▶ **EXERCISE REQUIREMENTS**: Pictures stay out of the copy. Transcribe exactly, and only, the line with "A 5x8 rectangular" through the last line of the entries below.
---------------
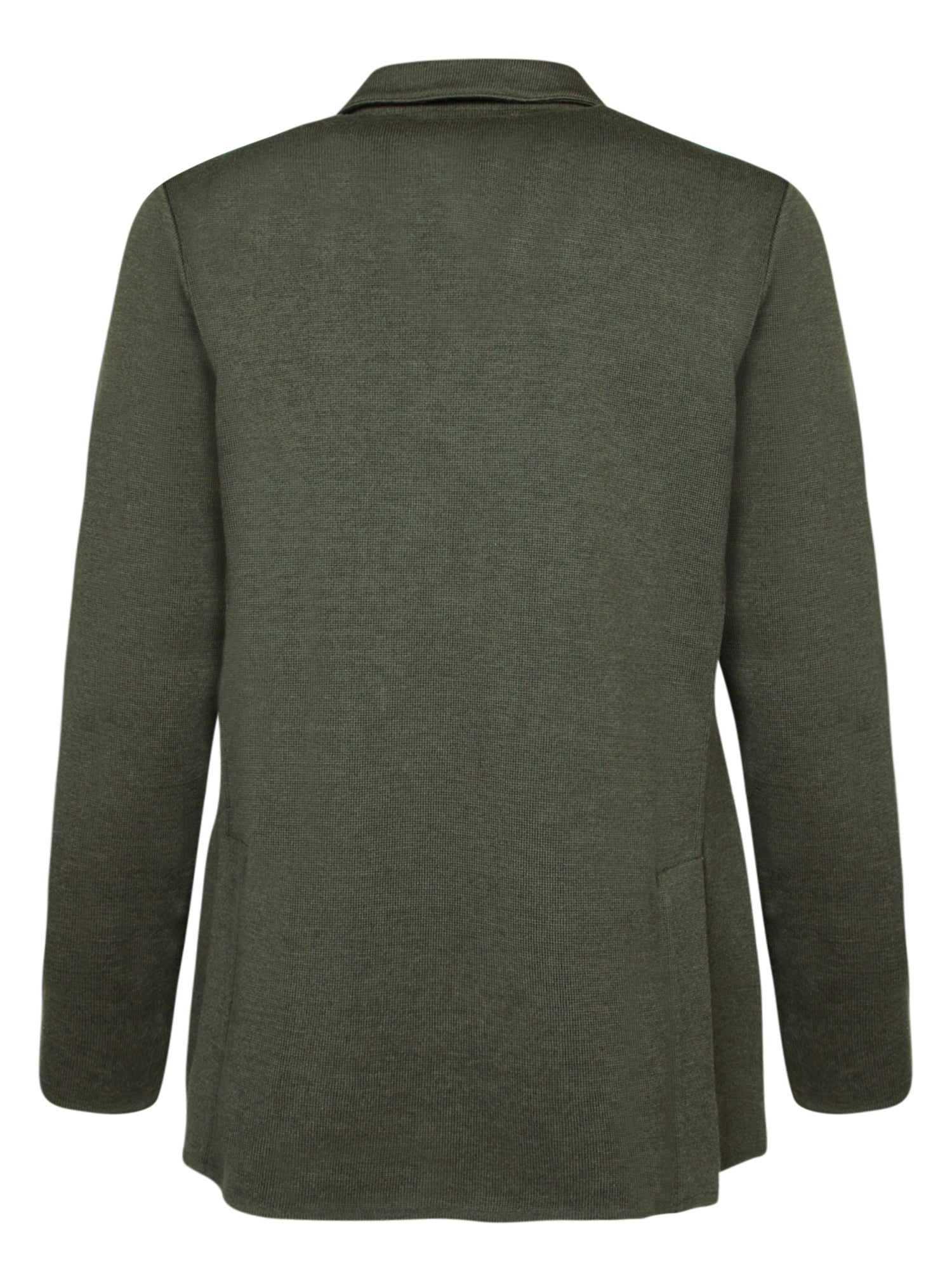 Double-breasted wool cardigan. Button closure. Welt front pockets.
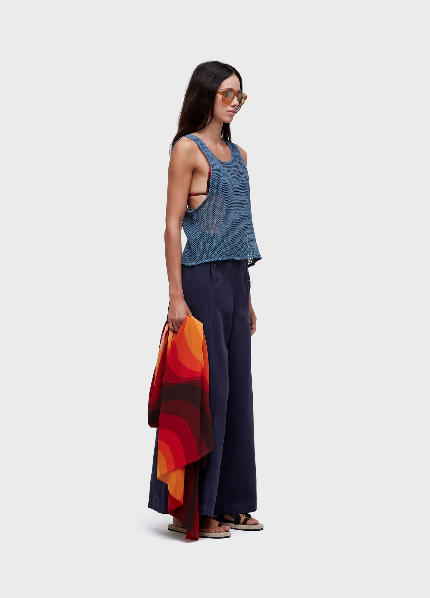 Calça jeans feminina, 100% algodão, cintura alta, pernas amplas, abotoamento tipo marinheiro na frente. Bandeira Regenerate life. essa peça foi produzida com algodão nacional certificado seguindo critérios minuciosos de redução dos impactos ambientais e sociais durante seu cultivo. seu processo produtivo utiliza energia renovável, reduz o consumo de água e fomenta as cadeias produtivas brasileiras.
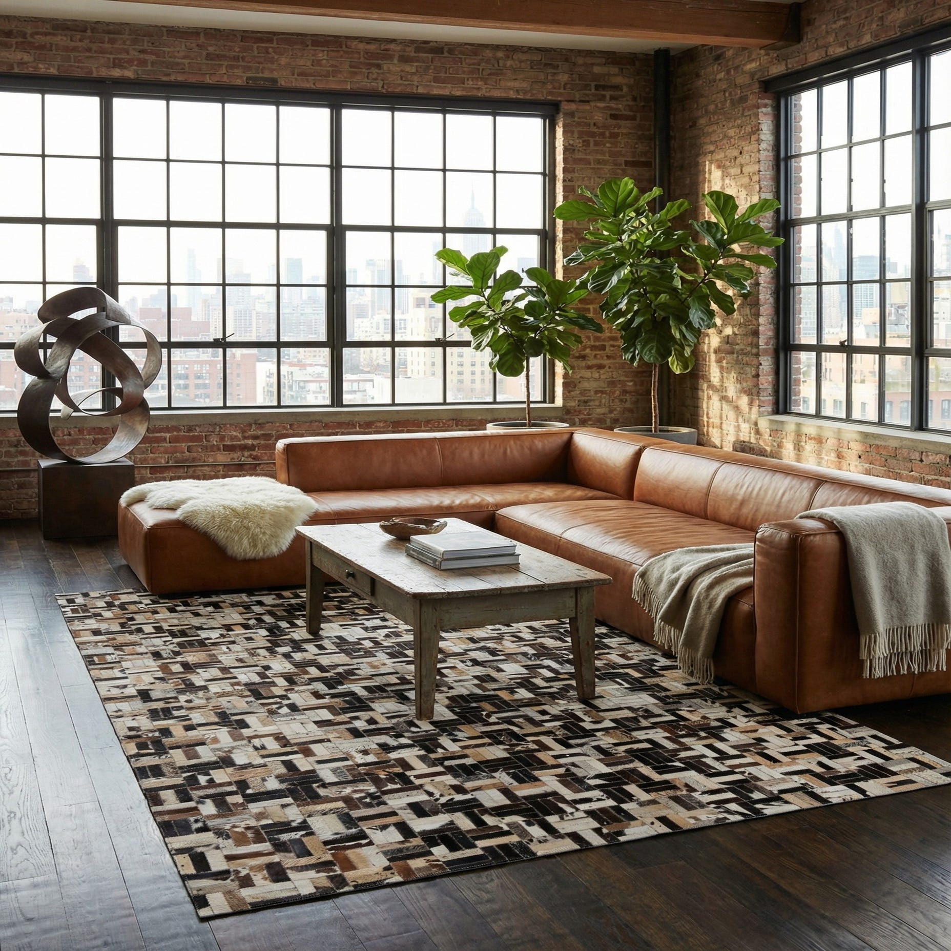 A 5x8 rectangular Cowhide Patchwork rug featuring a modern stripe pattern in multi-colored brown, black, and white tones.
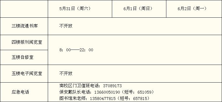 根据学院端午放假通知安排,同时为了方便读者的阅读需求,现将端午假期图书馆开放安排通知如下:
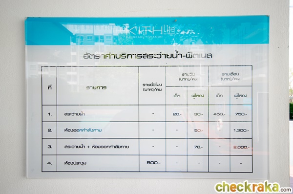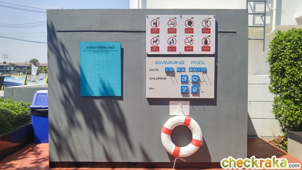 และมีป้ายบอกค่าคลอรีนภายในสระว่ายน้ำในแต่ละวันไว้ข้างสระ
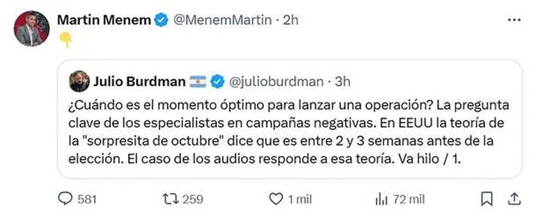 El mensaje de Julio Burdman retuiteado por Martín Menem
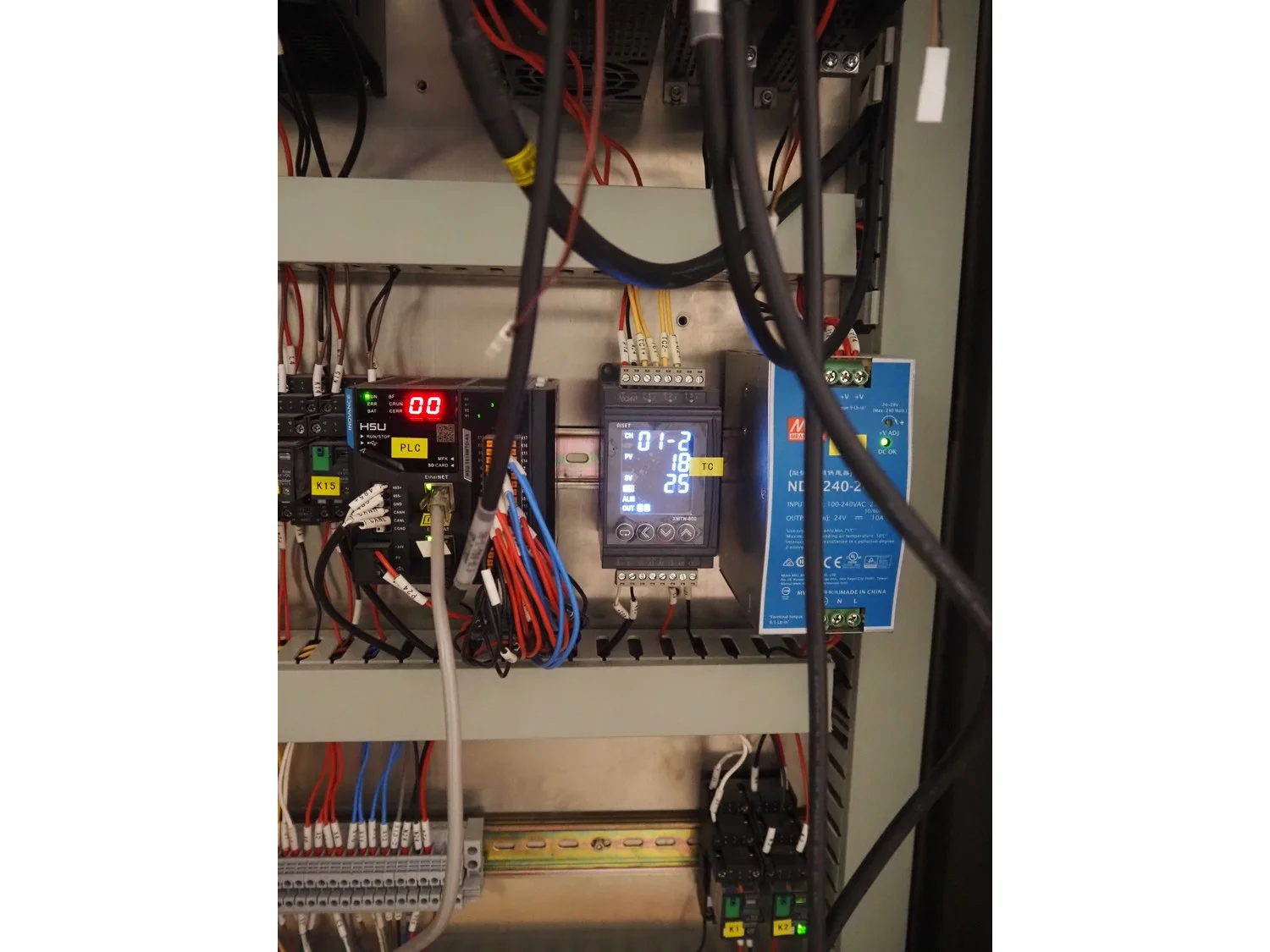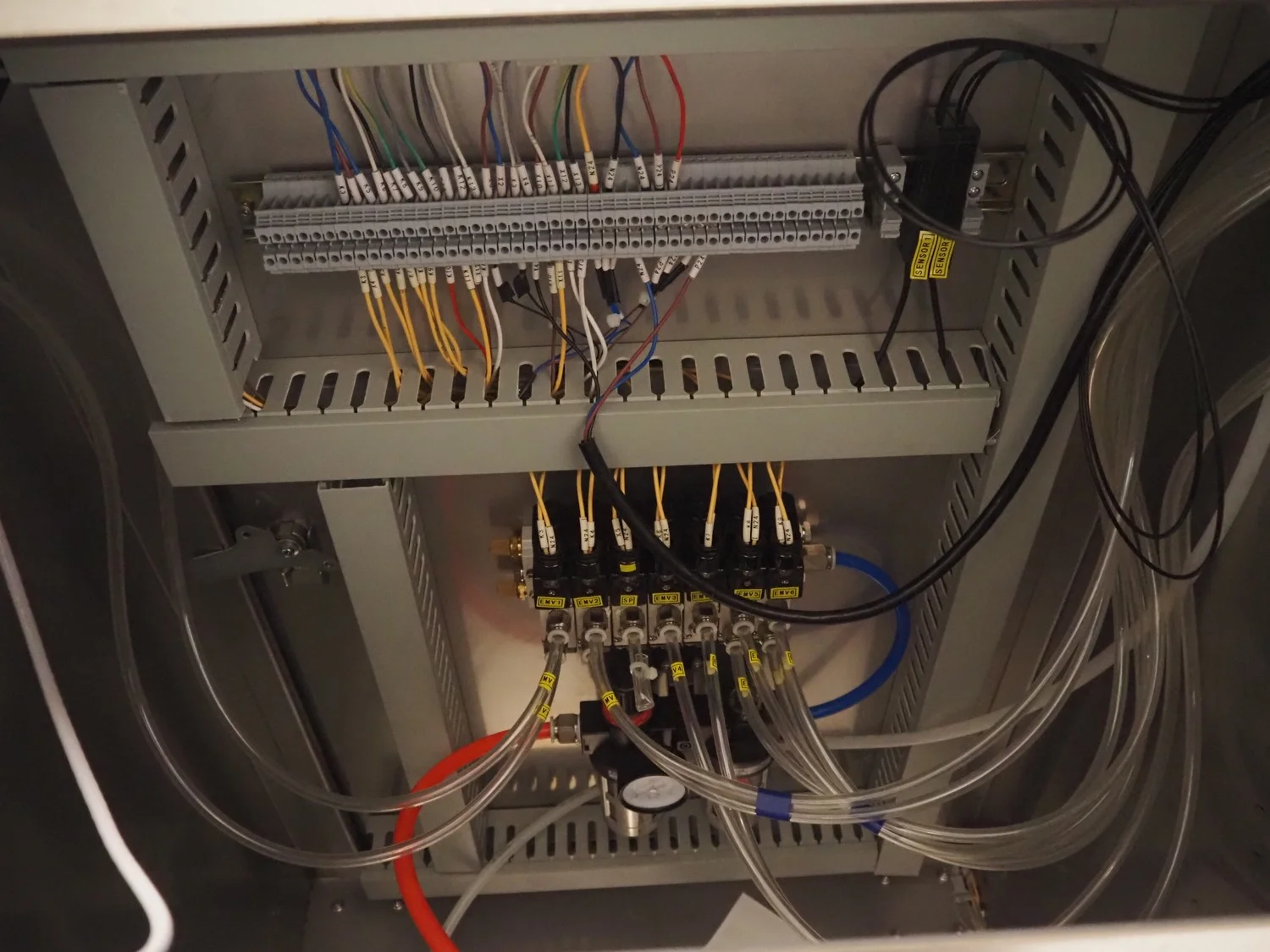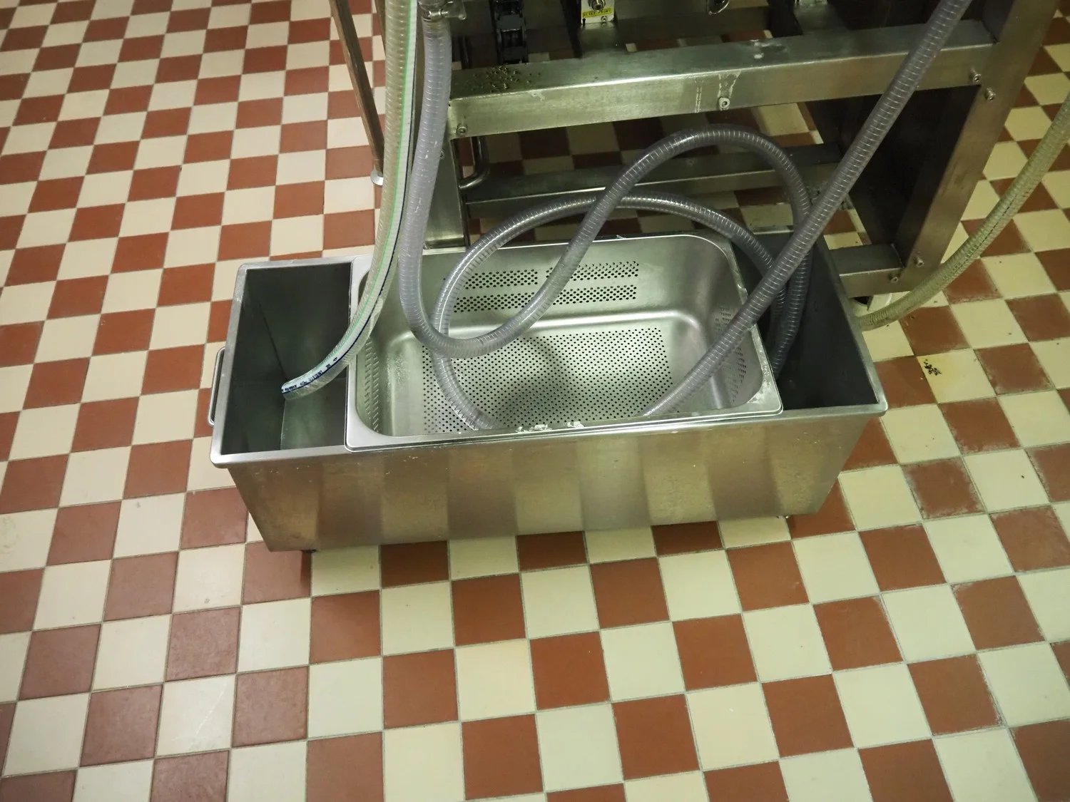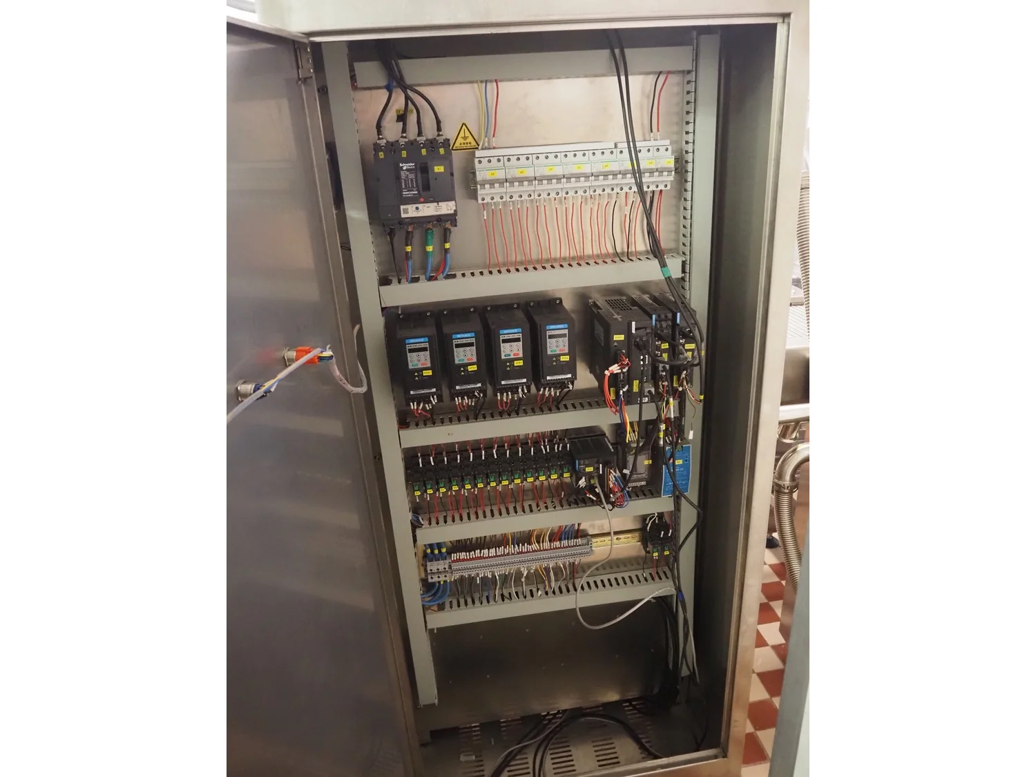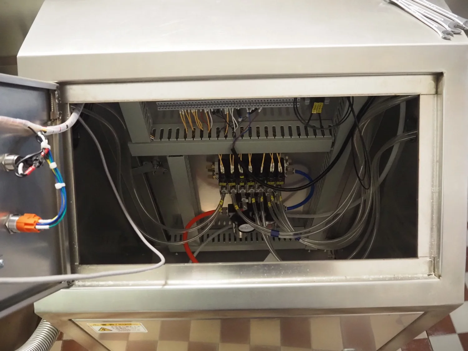 Shengxing Machinery production line for spring rolls, tub with 2 pumps, heated press, press width: 500 mm, s/s mesh belt, belt width: 430 mm, blower, 1 head depositor, plastic belt, belt width: 430 mm, total dimensions: 9000 mm x 1200 mm x 2000 mm. Used only 8 times.
---------------
▶ **OUTPUT OF THE EXERCISE**:
 A 5x8 rectangular Cowhide Patchwork rug featuring a modern stripe pattern in multi-colored brown, black, and white tones.
 根据学院端午放假通知安排,同时为了方便读者的阅读需求,现将端午假期图书馆开放安排通知如下:
 และมีป้ายบอกค่าคลอรีนภายในสระว่ายน้ำในแต่ละวันไว้ข้างสระ
 El mensaje de Julio Burdman retuiteado por Martín Menem
 Shengxing Machinery production line for spring rolls, tub with 2 pumps, heated press, press width: 500 mm, s/s mesh belt, belt width: 430 mm, blower, 1 head depositor, plastic belt, belt width: 430 mm, total dimensions: 9000 mm x 1200 mm x 2000 mm. Used only 8 times.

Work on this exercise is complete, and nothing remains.